**Material provided:**
■ ■ ■ ■

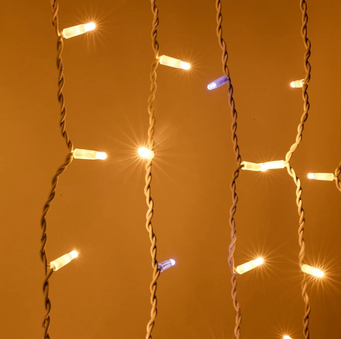 Tenda Luminosa 3x0,8m 128 Maxi LED Reflex Caldo Fisso + Flash Bianco IP67 Prolungabile Cavo Gommato Bianco per Natale Matrimoni Eventi luci natalizie
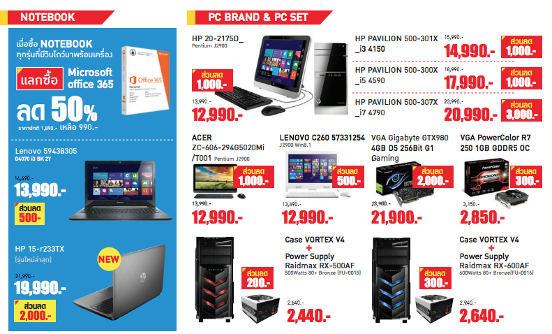 - พีซีแบรนด์ พีซีเซ็ตจากแบรนด์ดังอาทิ HP, Acer, Lenovo รับส่วนลดสูงสุด 3,000.-
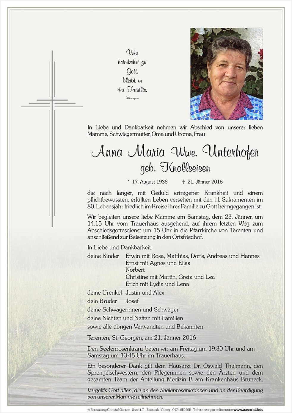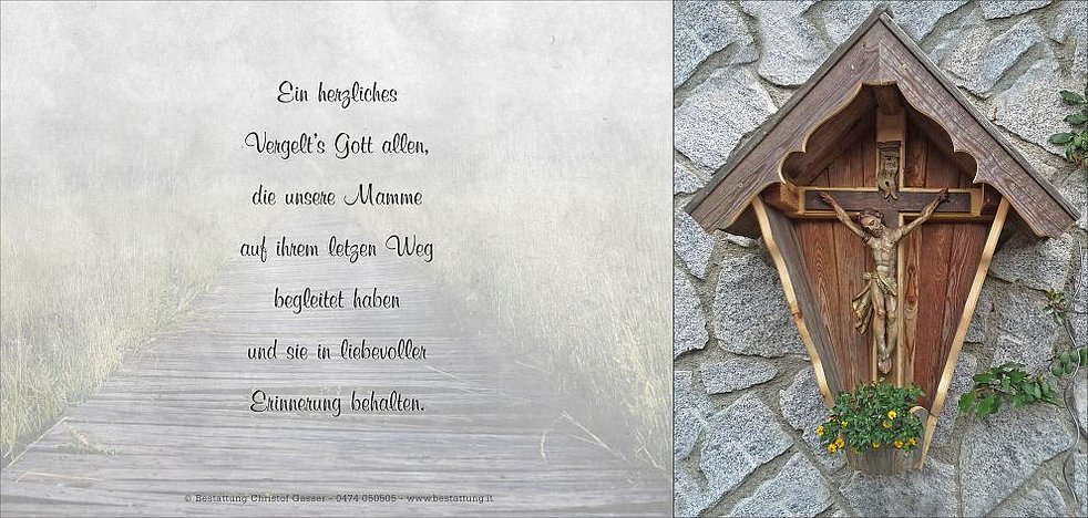 Wir begleiten unsere liebe Mamme am Samstag, dem 23. Jänner, um 14.15 Uhr vom Trauerhaus ausgehend, auf ihrem letzten Weg zum Abschiedsgottesdienst um 15 Uhr in die Pfarrkirche von Terenten und anschließend zur Beisetzung in den Ortsfriedhof.

■ ■ ■ ■

**Assigned task:**
Output the line containing "- พีซีแบรนด์ พีซีเซ็ตจากแบรนด์ดังอาทิ" and each line after it, through the end of the material, exactly as given. No pictures belong in the output.

**Solved problem:**
 - พีซีแบรนด์ พีซีเซ็ตจากแบรนด์ดังอาทิ HP, Acer, Lenovo รับส่วนลดสูงสุด 3,000.-
 Wir begleiten unsere liebe Mamme am Samstag, dem 23. Jänner, um 14.15 Uhr vom Trauerhaus ausgehend, auf ihrem letzten Weg zum Abschiedsgottesdienst um 15 Uhr in die Pfarrkirche von Terenten und anschließend zur Beisetzung in den Ortsfriedhof.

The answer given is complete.